__YOUR ASSIGNMENT__
Write out only the lines from the top of the listing below through the one with "- Recreate this", exactly as they stand, while keeping pictures out of the copy.

__THE DATA__
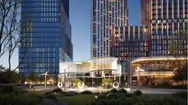 Двухэтажный стилобат соединит башни и станет местом размещения внутренней инфраструктуры. Минималистичный дизайн лобби выполнен бюро BABAYNTS. Интерьеры входных групп выполнят в стиле минимализма в светло-бежевых и песочных оттенках с применением стекла, шлифованной стали и матового акрила. В гранд-лобби установят авангардную «парящую» лестницу со встроенной подсветкой, а малые лобби с высокими потолками украсят композициями из живых растений. Корпуса строятся по монолитной технологии, фасады отделывают алюминиевыми панелями и керамогранитом. В домах помимо стандартного набора инженерии, установят системы контроля доступа с Face ID, видеонаблюдение 24/7, IP-домофонию, противопожарную автоматику и комплекс «умный дом».
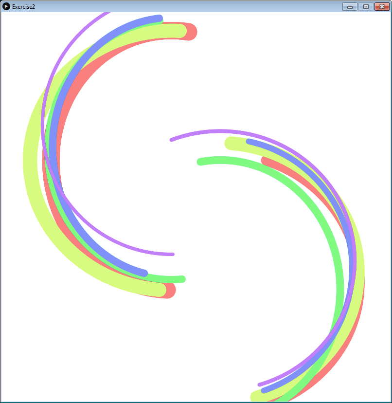 - Recreate this sketch using the colouring shown. You will need to use a different colour space to complete this task (HSB instead of RGB).
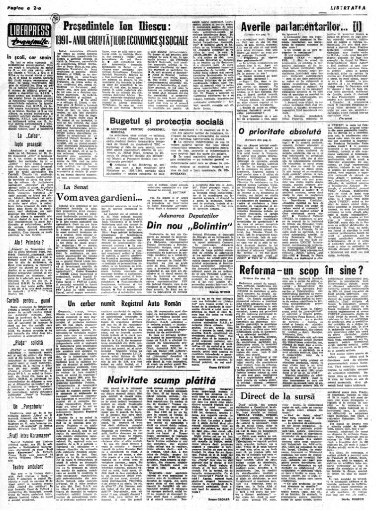 Ziarul Libertatea din 12 aprilie 1991, pag. a 2-a ▼ Click pe imagine pentru mărire

__SOLUTION TO THIS TASK__
 Двухэтажный стилобат соединит башни и станет местом размещения внутренней инфраструктуры. Минималистичный дизайн лобби выполнен бюро BABAYNTS. Интерьеры входных групп выполнят в стиле минимализма в светло-бежевых и песочных оттенках с применением стекла, шлифованной стали и матового акрила. В гранд-лобби установят авангардную «парящую» лестницу со встроенной подсветкой, а малые лобби с высокими потолками украсят композициями из живых растений. Корпуса строятся по монолитной технологии, фасады отделывают алюминиевыми панелями и керамогранитом. В домах помимо стандартного набора инженерии, установят системы контроля доступа с Face ID, видеонаблюдение 24/7, IP-домофонию, противопожарную автоматику и комплекс «умный дом».
 - Recreate this sketch using the colouring shown. You will need to use a different colour space to complete this task (HSB instead of RGB).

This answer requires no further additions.